Hauts Cris (miniature)
2005
I am the bloody field where the hostile fury / vomits the red murder and the scytic horror / that plunders the blood, the wealth of my heart.
Agrippa d’Aubigné – The Spring
He is alone, in a space too small for him, and each of his movements resonates in an extraordinary fashion, as if each displacement, however small, was weighted down with an enormous tension. Around him, the convivial space of a dining room seems to be crushed by his presence and ready to shatter. Between this space and the public, a tree trunk is lying on the floor and serves as a screen on which is projected a poem by Agrippa d’Aubigné. Hit by the dancer, the tree trunk turns out to be a wooden drum. Perhaps it is about finding physical musicality to the poem, a sort of polyphonic counterpoint – body, voice, noises – to these alexandrines loaded with horror and revolt.
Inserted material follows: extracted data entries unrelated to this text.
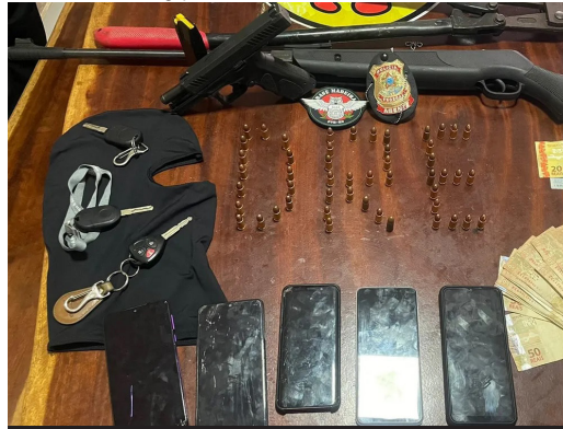
Objetos apreendidos pela Polícia Federal durante Operação Ardil

(Da Redação) A Operação Ardil foi deflagrada pela Polícia Federal (PF), na terça-feira (7), para desarticular um grupo crimino-
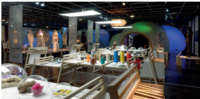
La matériothèque
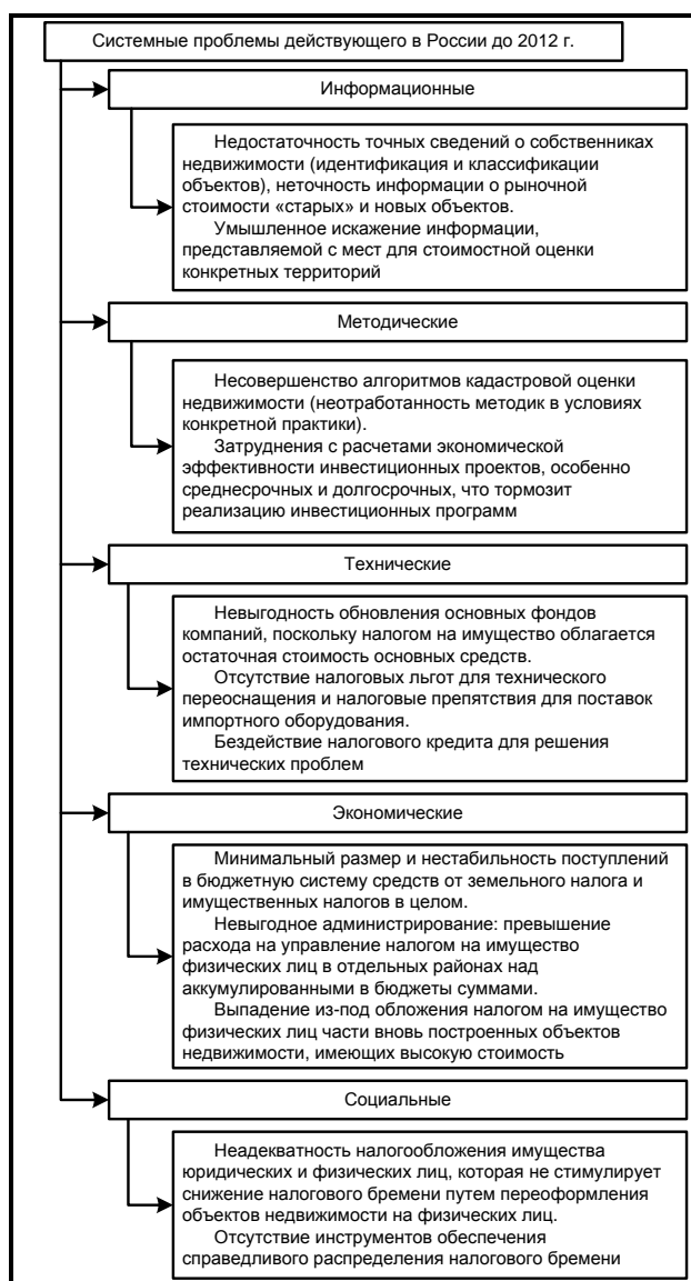
Рис. 2. Системные проблемы действующего в РФ до 2012 г. порядка имущественного налогообложения

На наш взгляд, при переходе к уплате нового налога налоговая и бухгалтерская практика столкнется с множеством проблем, решение которых упирается в определение стоимости для целей налогообложения, основная из которых связана с соответствием государственной кадастровой стоимости рыночной. Те же проблемы не устранены при определении стоимости строящегося объекта, эксплуатируемая часть которого приносила доход, например, по договору аренды при исчислении действующего на сегодня налога на имущество организаций. Практики часто затруднялись с расчетом среднегодовой стоимости такого объекта при формировании базы по налогу на имущество организаций. Кроме того введение нового налога сопряжено с социальными проблемами, а именно – увеличением налоговой нагрузки на собственников типовых квартир.

Perhaps it is also about finding a space, like one of these "miniatures" of medieval times painted on a piece of wood which frees the subconscious from its traumas and helps it transform its complaint.
Hauts Cris (miniature) works on different scales of the representation of Space and Sound to reveal an interior state linked to the scream. The body constitutes the principal vector, the catalyst of Space and Sound: the space with its exaggerated perspectives offers him precise visibility and reveals certain zones of tension. The Sound, and particularly vocal sound, compels him to find his lines of force in order to impose his course. This double combination, body-space and body-sound, is the basis of Hauts Cris (miniature), and finds its singularity in its permanent interaction.
All around the head
Open the mouth to expel the air reserve from the lungs.
Open the mouth to start inhaling the air that’s around the head.
Finish through the nose to fill the lungs completely, thinking clearly about relaxing the diaphragm, expanding the ribs and not blocking the throat.
Once the air that surrounded the head fills the lungs, and before beginning the expelling remain vigilant so that everything stays fluid.
Now concentrate all of the energy into one single goal: breathe out all of the air that was around the head a few seconds ago as far away as possible, so that you won’t breathe it in again.